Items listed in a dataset
Content starts

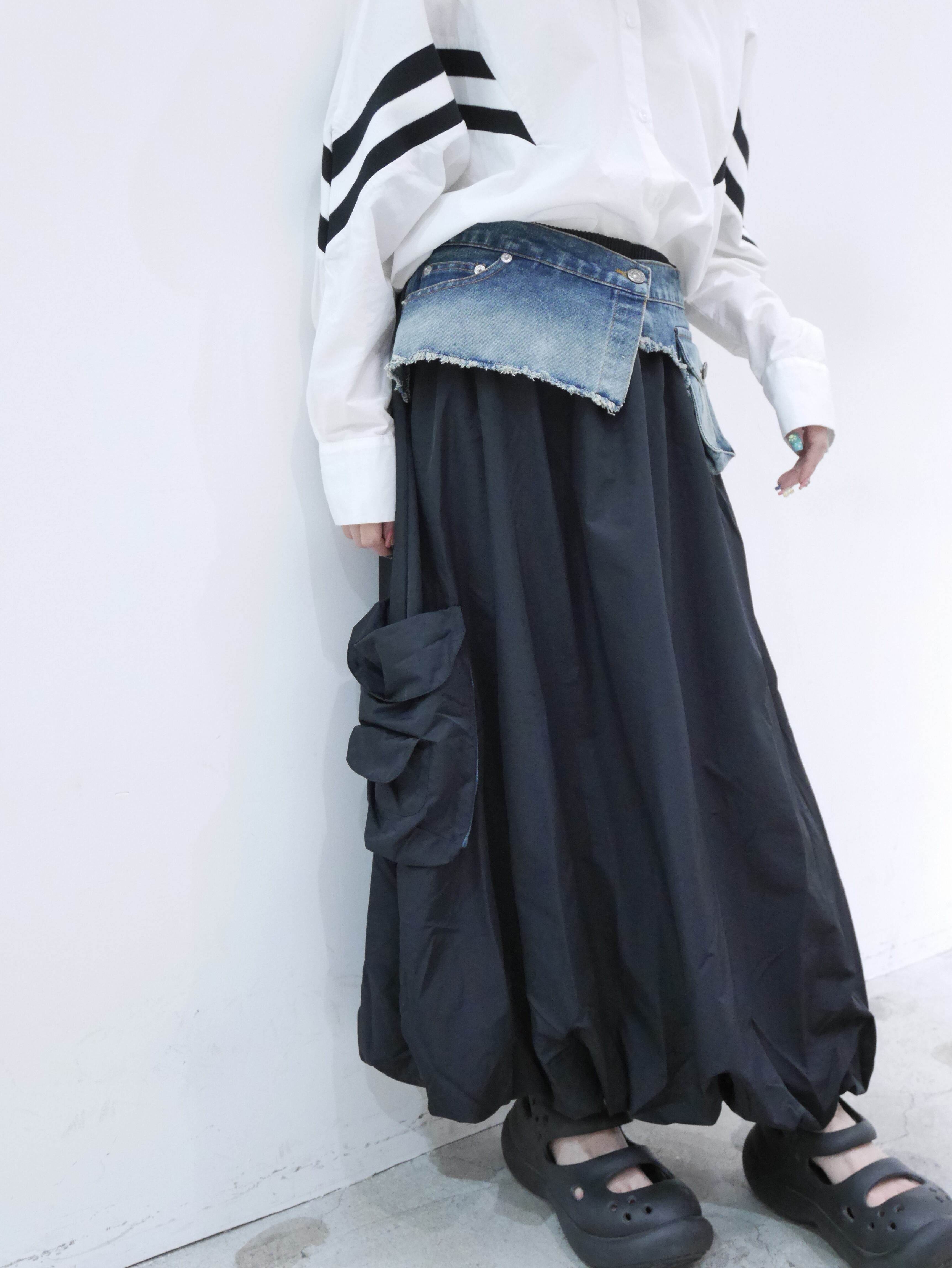 サイズM〜L ウエスト64〜77 ウエストゴム 着丈 モデル身長158 素材 デニム部分 綿100% 別布ポリエステル100%
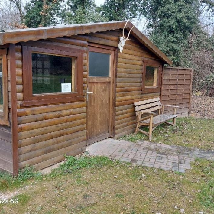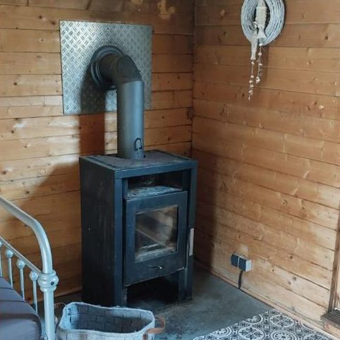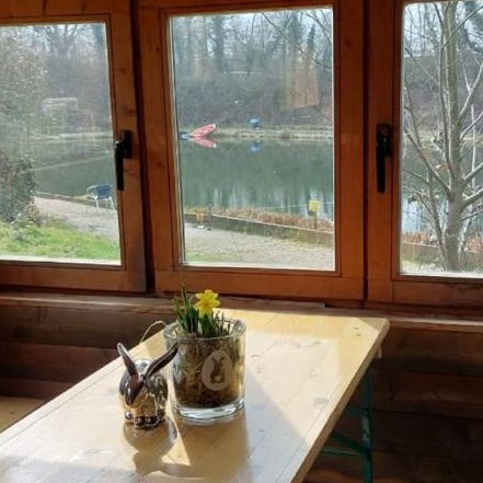 Unsere kleine gemütliche Stube im klassischen Holzgewandt, ein Ofen welcher für die Wärme in kalten Zeiten angefeuert werden kann und dem direkten Ausblick auf unsere Teiche...
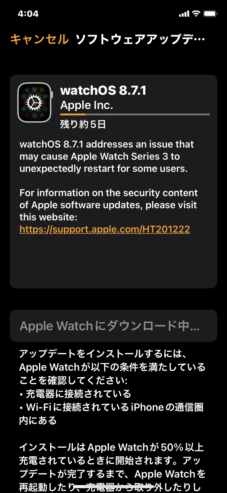 アップデート完了するまでは、画面に出てるように、充電は繋ぎっぱなしにする、母艦のiPhoneは近くに置いておくは守る必要があります。スムースに進めばせいぜい20-30分でアップデートは完了するはずです。
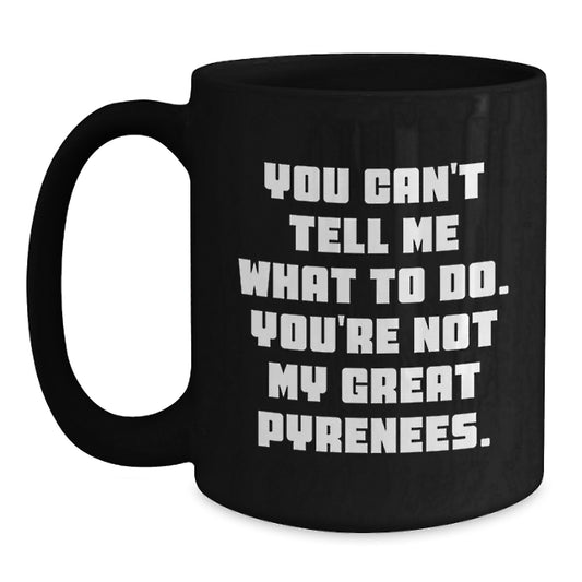 Funny Great Pyrenees Dog Gifts from Friends or Family, Black Coffee Mug, 'You Can't Tell Me What To Do. You're Not My Great Pyrenees.' on Birthday
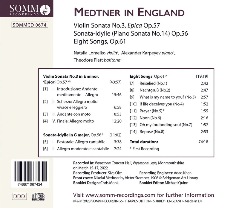 SOMM RecordingsMedtner in England / Lomeiko, Karpeyev, PlattSOMM Recordings announces Medtner in England, a revelatory new recording exploring the musical life of Nikolai Medtner, featuring violinist Natalia Lomeiko, pianist...
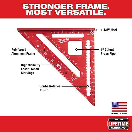 • Both Milwaukee squares feature high visibility laser etched markings that will not wear off after heavy use and are built from a durable extruded aluminum frame.
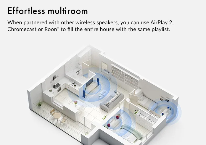When partnered with other sets of LS Wireless speaker systems including LSX II, LS50 Wireless II and LS60 Wireless, you can use AirPlay 2, Chromecast or Roon to fill your entire house with music. It’s perfect for parties where everyone in different rooms can enjoy the same playlist.
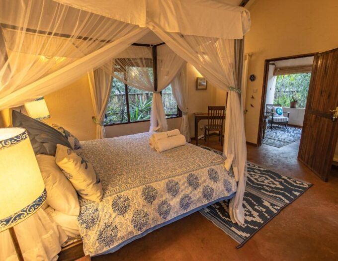 Chaque chambre dispose de commodités modernes tout en conservant une touche authentique et accueillante. Les cottages indépendants permettent aux voyageurs de profiter d’un maximum d’intimité, avec un accès direct au jardin et aux espaces extérieurs du lodge. Les terrasses et balcons offrent des vues sur la végétation environnante, propices à la contemplation et à la détente après une journée d’exploration urbaine ou de safari proche de Nairobi.
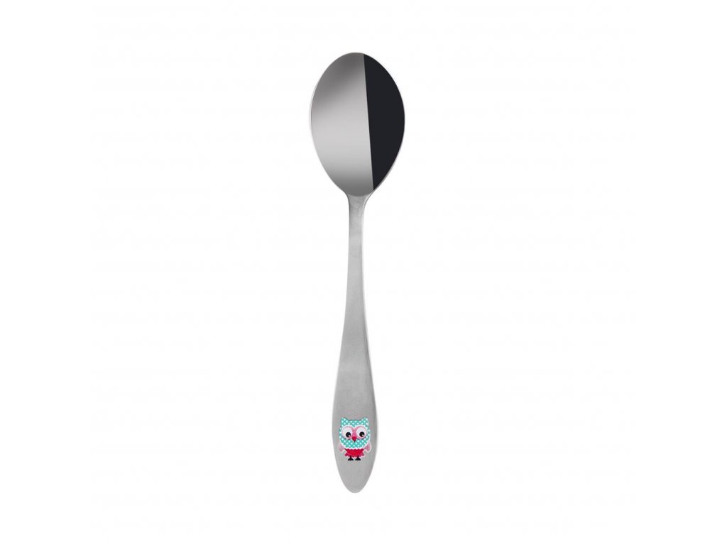 Detská lyžica s farebným dekorom sovy. Tvar prispôsobený deťom. Ideálne pre prvé samostatné návyky stolovania. Umývanie v umývačke na riad sa neodporúča, aby nedošlo k porušeniu farebného dekóru, čo nemôže byť dôvodom na neskoršiu reklamáciu. Materiál: kvalitný nerez. Rozmery: 15,5x3,5 cm.Dodatočné parametre
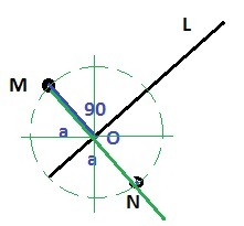 1) Опускаем перпендикуляр из точки M к прямой L - отрезок МО.
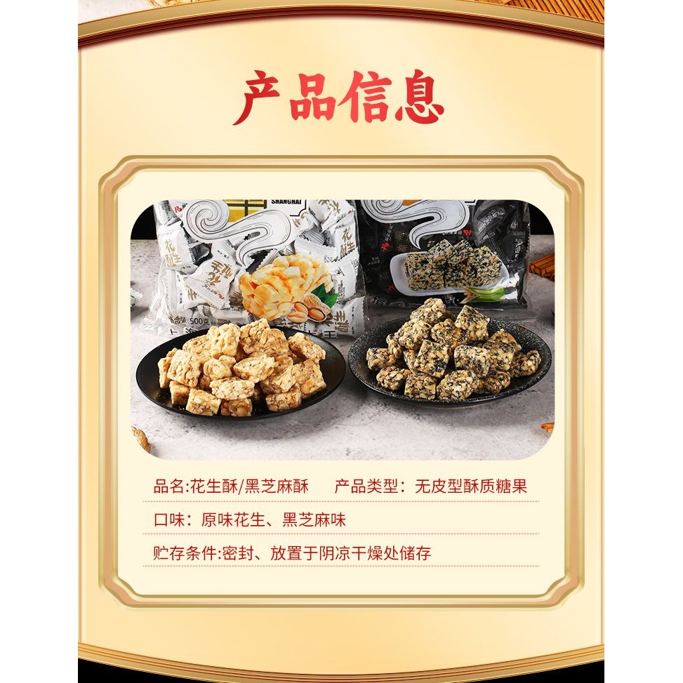 Shanghai Old Taste Finger Soft Peanut Crisp Shanghai Specialty Black Sesame Peanut Crisp Candy Snack Food Candy Snacks

Content ends

> PROBLEM REQUIREMENTS
Both the line above containing "extruded aluminum frame." and the line containing "When partnered with" belong in the copy, along with every line between them; print these exactly and omit the pictures.

> RESULT OF THE TASK
 • Both Milwaukee squares feature high visibility laser etched markings that will not wear off after heavy use and are built from a durable extruded aluminum frame.
When partnered with other sets of LS Wireless speaker systems including LSX II, LS50 Wireless II and LS60 Wireless, you can use AirPlay 2, Chromecast or Roon to fill your entire house with music. It’s perfect for parties where everyone in different rooms can enjoy the same playlist.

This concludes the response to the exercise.